The boring control plane gets you provisioning a hundred resources by tomorrow. The platform gets you provisioning a hundred resources after a quarter, with a thousand other features you didn’t have on the day you needed the hundred.

When to revisit

Eventually the boring control plane has to grow up. Some signs:

  • A second operator wants to use it. Add auth. Don’t add it before this.
  • Provisioning is slow enough that one worker can’t keep up. Add more workers. If they’re on the same machine, that’s a config change. If they need to be on different machines, that’s when the queue stops being a database table and starts being a message broker.
  • The fleet is bigger than your storage choice can hold cheaply. Migrate the schema (same shape) to the next tier — JSON file → SQLite → PostgreSQL. The export-and-import is straightforward because the schema didn’t change.
  • Multiple cloud targets. The runtime_target column was nullable for a reason. When the second target shows up, fill it in. The provisioning script gets a case "$runtime_target". Nothing else changes.

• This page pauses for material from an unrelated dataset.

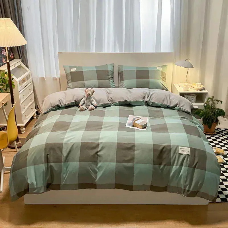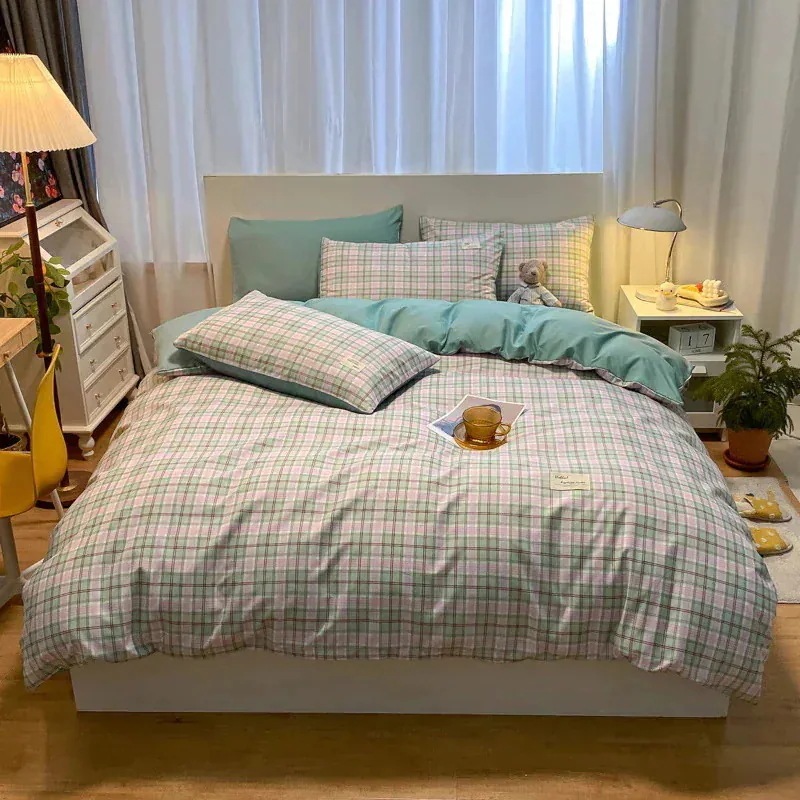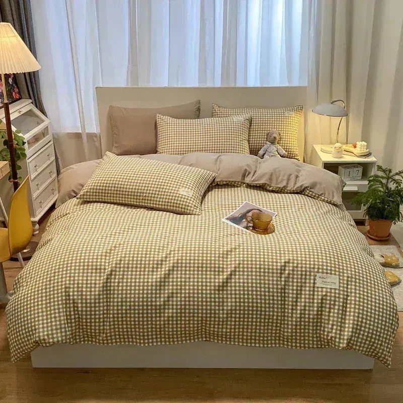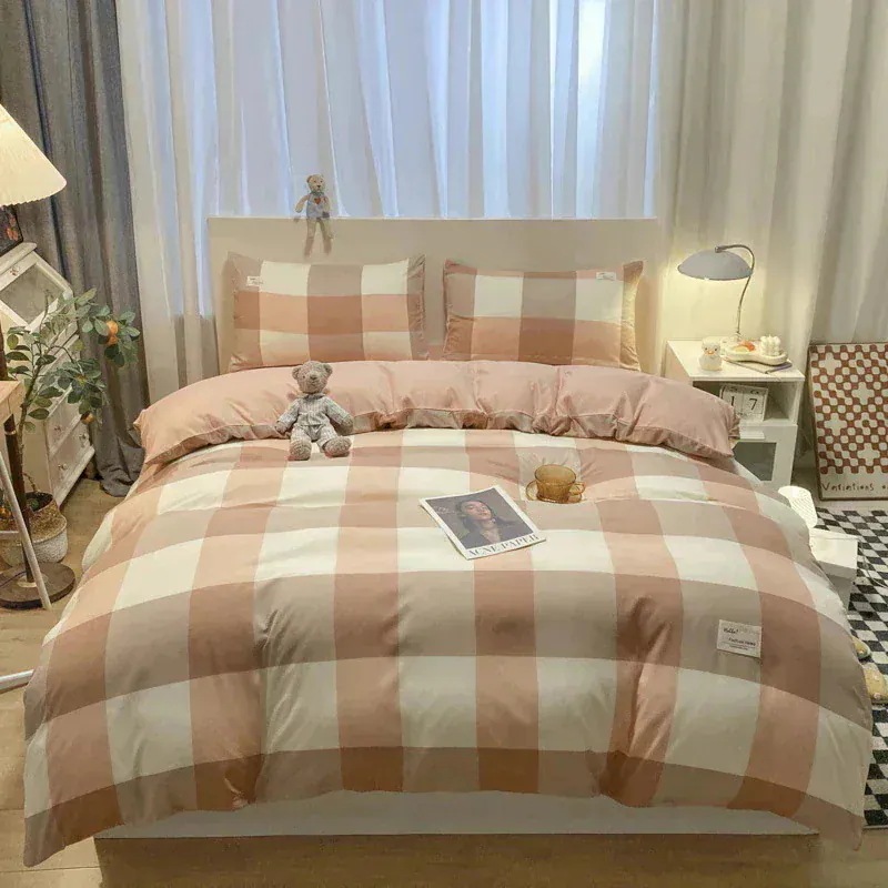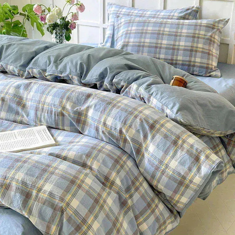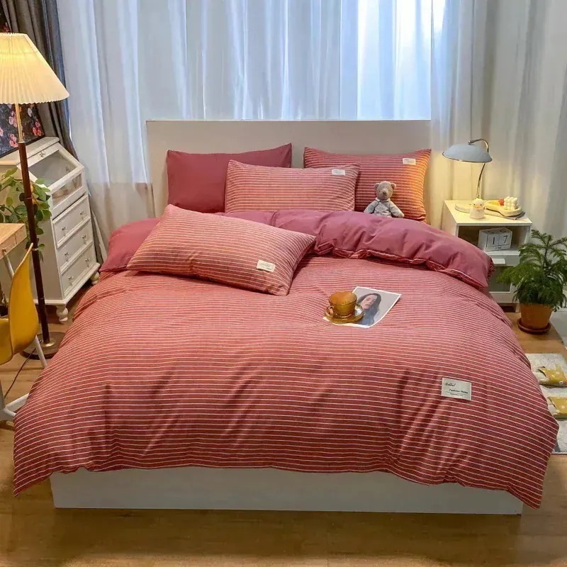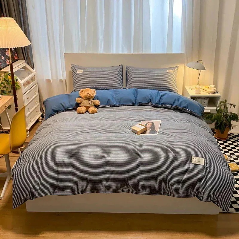 春夏シンプルなウォッシュドコットン4点セットベッドシーツキルトカバー寝具布団カバー 枕カバー寝具4点セット

Each of these is a response to evidence, not a thing you build prophylactically. You build the small thing first. You let it run. The places it strains tell you what to do next, and the strain is much more informative than your imagination of what the strain might be.

The pattern, in one sentence

A control plane is the smallest piece of software that turns a working provisioning script into a callable API. It owns lifecycle (create, list, delete, status), nothing more. The first version is a few hundred lines wrapping a script you already trust. Everything you’d be tempted to add — request routing, auth, billing, scheduling, container orchestration — is a separate problem with a separate cost, and adding it before you need it is what turns a useful tool into a project.

Build the boring shell around the trusted script. Ship the hundred resources. Add complexity only when the strain proves you need it.